Family situationFor homeowners
full pension assets must be less than
For non-homeowners
full pension assets must be less than
Single$202,000$348,500
Couple combined$286,500$433,000

For every $1000 you have over that limit, your pension is reduced by $1.50 per fornight. There are 26 fortnights a year, so each $1000 over the asset limit reduces your pension by $39 a year. If you are a single person with a home $202,000 in super, the asset test entitles you to the full rate of the pension. If you're a single person with a home and $252,000 the pension is reduced by $1950 a year, to take account of your assets.






The changes increase the asset limit slightly, and also increase the rate at which the pension is reduced, from $1.50 a fortnight per $1000 over the limit to $3 per $1000.

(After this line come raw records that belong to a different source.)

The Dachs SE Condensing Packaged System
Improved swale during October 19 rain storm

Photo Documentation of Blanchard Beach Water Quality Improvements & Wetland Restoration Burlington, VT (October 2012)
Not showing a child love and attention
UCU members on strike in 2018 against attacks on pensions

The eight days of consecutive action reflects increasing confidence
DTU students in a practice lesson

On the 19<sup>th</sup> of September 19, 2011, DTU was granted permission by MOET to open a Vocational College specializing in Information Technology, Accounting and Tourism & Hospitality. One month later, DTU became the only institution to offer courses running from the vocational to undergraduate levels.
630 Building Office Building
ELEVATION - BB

What are the new asset limits?

Single (Homeowner) $250,000
Single (no home owned) $450,000
Couple (Combined) (Homeowners) $375,000
Couple (combined) (No home owned) $575,000

So all the asset limits have gone up. Going back to our theoretical single person, with $252,000, under the old assets test she loses $1950 under the old test and:

 (($252,000 - $250,000) / $1000 ) x $3
= ($2,000 / $1000 ) x $3
= $2 x $3
= $6 a fortnight

under the new assets test, which is $156 a year. So she's about $1800 better off a year; fantastic!

Of course, since the rate of reduction applied to the assets test has gone up, the more money you have the fast you lose the pension. So imagine a single person with $500,000 in assets. Under the old test they would have lost

(($500,000 - $202,000) / $1000) x 1.5

= $447 a fortnight
= $11,622 a year

But under the new regime, you'd lose the pension at a faster rate:

(($500,000 - $250,000) / $1000) x 3

= $750 a fortnight
= $19,500 a year

leaving not very much of the single pension left.

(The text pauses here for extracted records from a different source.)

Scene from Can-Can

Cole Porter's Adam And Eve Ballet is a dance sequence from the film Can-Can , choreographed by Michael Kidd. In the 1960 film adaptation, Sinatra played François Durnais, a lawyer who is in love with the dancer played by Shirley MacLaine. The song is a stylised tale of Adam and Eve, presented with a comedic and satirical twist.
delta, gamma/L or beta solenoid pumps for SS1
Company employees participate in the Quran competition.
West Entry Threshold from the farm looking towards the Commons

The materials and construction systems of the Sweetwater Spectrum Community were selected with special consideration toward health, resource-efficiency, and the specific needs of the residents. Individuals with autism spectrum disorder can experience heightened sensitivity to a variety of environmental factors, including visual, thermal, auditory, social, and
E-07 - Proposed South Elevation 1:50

The Australian has a full chart of the impacts here, albeit behind a paywall. But we'll come back to this in a moment...

The Greens are defending this change, saying:

This is an outcome that stakeholders including the Council of the Ageing, Uniting Care and ACOSS have been seeking for a long time
We are a caring society and all older Australians deserve the best possible retirement. With this agreement we have helped ensure a pathway to a decent retirement for everyone.

But why are they on the back foot at all?

Two reasons. First, despite claiming that this is an outcome ACOSS - the Australian Council on Social Services has been seeking for a long time, there's a sting in the tail. ACOSS supported a change in the rate of reduction of pensions from $1.50 per fortnight to $2 for every $1000 over the limit. The deal struck with the LNP is for $3 - a much steeper reduction.

Secondly, many of the claims made about how much better off people are going to be after the changes turn out to be simply not correct.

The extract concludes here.